What it really takes to be AI-ready


Adam White
Content Marketing Associate @ Tray.ai
Many AI strategies fail before they start. Not because of the model, but because of outdated integration. See how Yext made integration their AI infrastructure and transformed how work gets done.
For many enterprises, AI readiness still gets treated as an innovation track. A proof-of-concept here. An LLM experiment there. But AI isn’t meant to be bolted on to your tech stack. It changes the architecture beneath the surface. And if your integration infrastructure can’t support that shift, it doesn’t matter how powerful your models are. Your AI strategy will stall.
This is the situation Tulasi Donthireddy, Senior Director of IT and Business Systems at Yext, found himself in. His team had the ideas, the use cases, and the roadmap. But they were stuck on an integration platform that couldn’t keep up.

The reality is, legacy integration platforms were designed for static, point-to-point workflows and not for a world of dynamic AI agents that need to reason, act, and adapt across systems in real time. The hard truth is: if you're still relying on one, you're not AI-ready.
Yext understood that. So they made the switch. Here’s how:
The hidden blocker in your AI roadmap
When enterprises talk about what’s holding back AI adoption, the answers usually sound the same: lack of skills, immature models, unclear ROI. But one of the biggest blockers is hiding in plain sight: integration.
AI agents don’t work in isolation. They need access to clean, complete, and timely data. They need to interact with other systems such as HRIS, CRM, ITSM, and ERP, and they need to do it through well-documented APIs, secure authentication, and reliable orchestration.
If your integration platform can’t provide this, you risk inefficiency and failure. As Alexander Wurm, Principal Analyst at Nucleus Research, said in our recent Yext webinar, “If the integration layer lags, the agent stalls—no matter how smart the model is.”
Yext’s old platform didn’t have centralized monitoring or alerting. Logs had to be routed to external systems just to understand what was happening. Adding new systems required deep developer effort. Even routine troubleshooting slowed them down.

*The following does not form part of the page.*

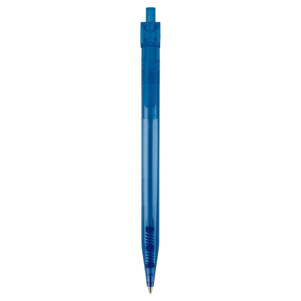 Transparante Toppoint design balpen, geproduceerd in Duitsland. Deze pen bevat een blauwschrijvende X20 vulling voor 2,5km schrijfplezier.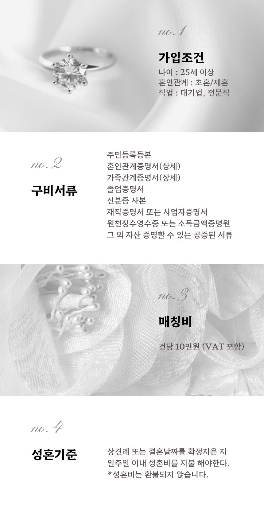 만 19세 미만인 경우, 결혼이 불가능한 상태인 경우 혹은 회원 가입 시 제출한 정보가 사실과 다른 경우 등 가입 조건에 부합하지 않는 경우에는 회원 가입이 거절될 수 있습니다.

A strategic decision, not just a tooling change
Many IT leaders understand their integration tooling is outdated, but hesitate to make a change. Migration feels risky, expensive, and slow. Teams are (understandably) worried about disruption.
But AI is the ultimate disruptor. The longer enterprises wait, the more painful the cost becomes.
Legacy integration platforms weren’t designed to support agent-based architectures, composable automation, or the scale of event-driven AI services. They force tradeoffs between control and speed, visibility and flexibility, centralization and agility.
Yext didn’t wait. They used the move off their legacy platform as an opportunity to not only reduce cost and complexity, but to rethink how integration work gets done, and who gets to do it.

What modern integration looks like
Yext replaced multiple fragmented tools with Tray’s unified, AI-ready iPaaS. The results were immediate:
100+ integrations migrated in 3 months
60% cost savings
Build cycles reduced from 3 days to 1
But the more important shift came in who was building. With reusable templates, built-in monitoring, and composable workflows, business users could start automating tasks themselves. That freed up developers to focus on high-value work, like building AI agents.
“We’re rolling out IT agents that can handle access provisioning, error troubleshooting, even Slack-based workflows,” Donthireddy said. “It’s already changing how we think about automation.”
Integration is now AI infrastructure
The message from Yext’s story is clear: You can’t layer AI onto outdated systems and expect results. Your integration platform is your AI infrastructure. It’s the backbone your agents rely on to take action across your stack.
Yext didn’t wait for a failed pilot or an AI stall-out to make the switch. They recognized that integration had become a foundational technology. One that impacts cost, speed, and long-term adaptability.
So if you’re serious about AI, you have to ask: Is your integration platform future-proof…or is it holding you back?